10. To trade successfully, think like a fundamentalist; trade like a technician. It is imperative that we understand the fundamentals driving a trade, but also that we understand the market's technicals. When we do, then, and only then, can we or should we, trade.
11. Respect "outside reversals" after extended bull or bear runs. Reversal days on the charts signal the final exhaustion of the bullish or bearish forces that drove the market previously. Respect them, and respect even more "weekly" and "monthly," reversals.
12. Keep your technical systems simple. Complicated systems breed confusion; simplicity breeds elegance.
13. Respect and embrace the very normal 50-62% retracements that take prices back to major trends. If a trade is missed, wait patiently for the market to retrace. Far more often than not, retracements happen... just as we are about to give up hope that they shall not.

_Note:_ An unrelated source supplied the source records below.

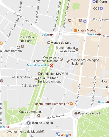 Y si no nos interesa pues seguimos por paseo de recoletos, al final antes de llegar a paseo Colón tenemos a la derecha el museo de la Biblioteca Nacional, es un museo moderno con una muestra sobre la historia de edición de libros, bibliotecas, cine y temas diversos en España. Si quieres ver la famosa sala de lectura, se debe tomar un tour guiado. La visita general es gratis.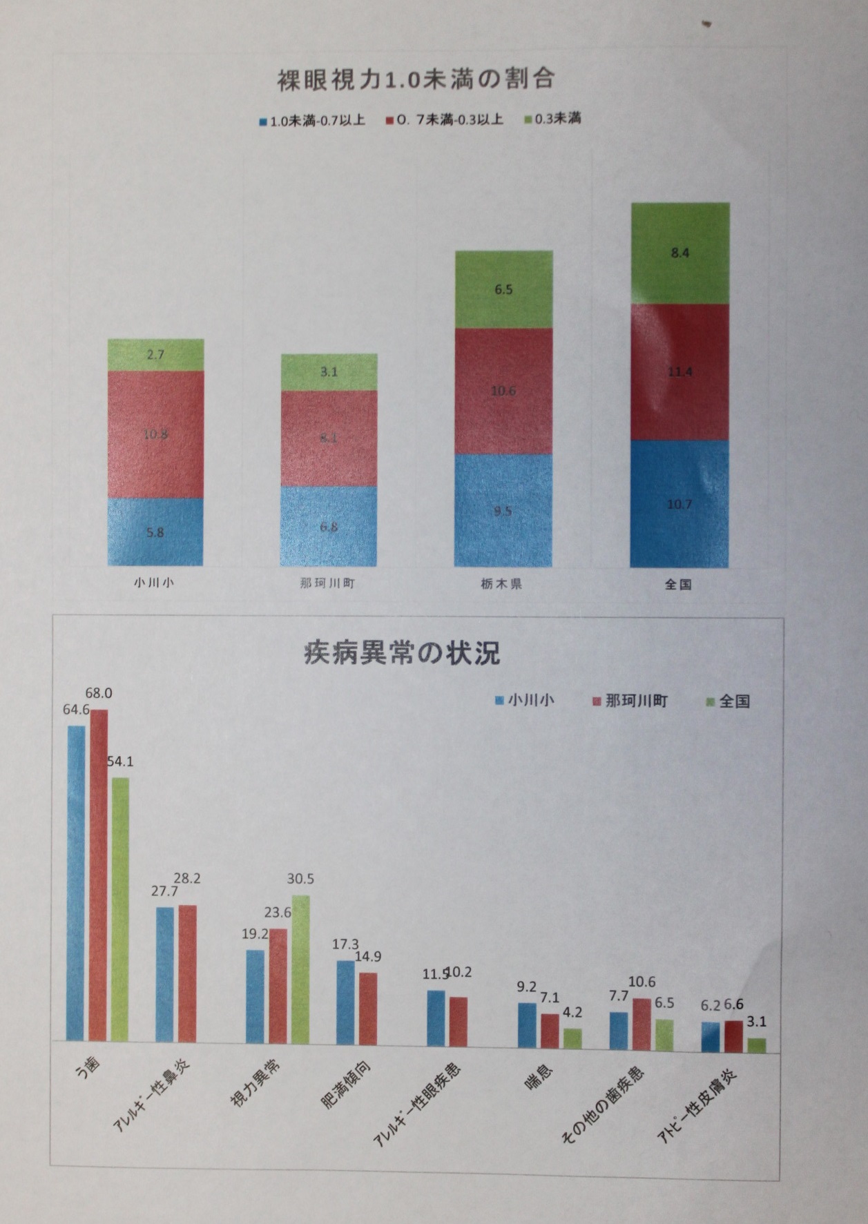 まず、養護教諭が本校児童の体格、視力、歯科衛生状況について、お話ししました。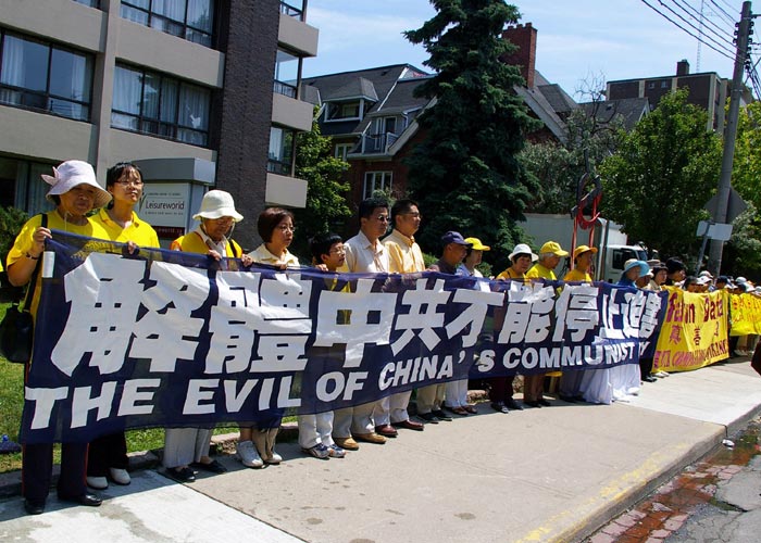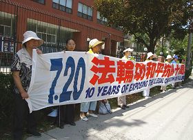 ![]() 二零零九年七月二十日,多伦多法轮功学员在中领馆前集会,吁制止迫害。 |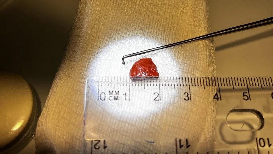 «В ходе эндориноскопии, исследования носовой полости, мы обнаружили инородное тело размером около сантиметра в левом общем носовом ходе. С помощью эндоскопического крючка камень был аккуратно извлечен. Вся процедура заняла не более пяти минут и прошла без осложнений», — пояснил оториноларинголог Роман Удод.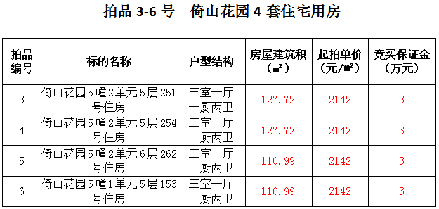 3、倚山花園4套住宅房產(chǎn),建筑面積:110.99—127.72㎡,起拍價(jià):2142元/㎡。

14. An understanding of mass psychology is often more important than an understanding of economics. Markets are driven by human beings making human errors and also making super-human insights.
15. Establish initial positions on strength in bull markets and on weakness in bear markets. The first "addition" should also be added on strength as the market shows the trend to be working. Henceforth, subsequent additions are to be added on retracements.

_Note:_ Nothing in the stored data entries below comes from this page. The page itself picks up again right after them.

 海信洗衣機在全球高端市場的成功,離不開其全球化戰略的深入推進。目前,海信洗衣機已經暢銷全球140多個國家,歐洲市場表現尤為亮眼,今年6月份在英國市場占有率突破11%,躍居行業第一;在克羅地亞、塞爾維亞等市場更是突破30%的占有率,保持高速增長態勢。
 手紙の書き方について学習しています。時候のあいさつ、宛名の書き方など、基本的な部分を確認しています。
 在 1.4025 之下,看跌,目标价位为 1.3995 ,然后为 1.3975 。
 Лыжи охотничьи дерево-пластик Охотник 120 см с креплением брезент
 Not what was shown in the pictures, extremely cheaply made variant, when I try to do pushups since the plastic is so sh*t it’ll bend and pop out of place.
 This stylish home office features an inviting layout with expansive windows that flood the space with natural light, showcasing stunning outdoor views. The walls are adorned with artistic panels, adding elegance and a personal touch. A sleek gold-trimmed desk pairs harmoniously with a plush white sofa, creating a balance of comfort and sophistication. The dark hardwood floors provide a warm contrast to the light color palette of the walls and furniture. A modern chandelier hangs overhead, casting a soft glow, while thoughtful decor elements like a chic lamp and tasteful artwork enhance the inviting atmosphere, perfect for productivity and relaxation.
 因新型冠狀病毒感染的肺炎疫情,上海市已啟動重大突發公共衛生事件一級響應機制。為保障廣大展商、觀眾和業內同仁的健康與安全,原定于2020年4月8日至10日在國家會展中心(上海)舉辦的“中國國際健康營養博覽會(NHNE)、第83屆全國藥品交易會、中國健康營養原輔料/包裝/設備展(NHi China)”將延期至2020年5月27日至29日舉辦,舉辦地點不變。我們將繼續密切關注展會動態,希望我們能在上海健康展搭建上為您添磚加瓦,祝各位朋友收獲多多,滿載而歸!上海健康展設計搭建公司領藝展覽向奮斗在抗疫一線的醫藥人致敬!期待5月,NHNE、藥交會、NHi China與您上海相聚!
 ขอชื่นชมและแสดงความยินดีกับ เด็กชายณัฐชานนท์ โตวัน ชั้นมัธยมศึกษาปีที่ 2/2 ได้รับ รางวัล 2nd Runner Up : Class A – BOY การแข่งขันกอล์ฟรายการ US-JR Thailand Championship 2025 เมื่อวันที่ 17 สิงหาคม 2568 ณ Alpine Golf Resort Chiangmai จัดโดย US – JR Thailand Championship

16. Bear markets are more violent than are bull markets and so also are their retracements.
17. Be patient with winning trades; be enormously impatient with losing trades. Remember it is quite possible to make large sums trading/investing if we are "right" only 30% of the time, as long as our losses are small and our profits are large.
18. The market is the sum total of the wisdom ... and the ignorance...of all of those who deal in it; and we dare not argue with the market's wisdom. If we learn nothing more than this we've learned much indeed.
19. Do more of that which is working and less of that which is not: If a market is strong, buy more; if a market is weak, sell more. New highs are to be bought; new lows sold.
20. The hard trade is the right trade: If it is easy to sell, don't; and if it is easy to buy, don't. Do the trade that is hard to do and that which the crowd finds objectionable. Peter Steidelmeyer taught us this twenty five years ago and it holds truer now than then.
21. There is never one cockroach! This is the "winning" new rule submitted by our friend, Tom Powell.
22. All rules are meant to be broken: The trick is knowing when... and how infrequently this rule may be invoked!
Finally, few last ones by James Montier
James Montier's 7 Immutable Laws Of Investing
1. Always insist on a margin of safety
2. "This time is different" is actually never different
3. Be patient and wait for the fat pitch
4. Be contrarian
5. Risk is the permanent loss of capital, never a number
6. "Be leery of leverage". Leverage has been the single most cause of most of the failures of almost all types of trades be it institutional or retailer.
7. Never invest in something you don't understand
I truly hope that this series was a good read to all my dear readers. I am happy to hear your comments, feedback or anything you would like to share.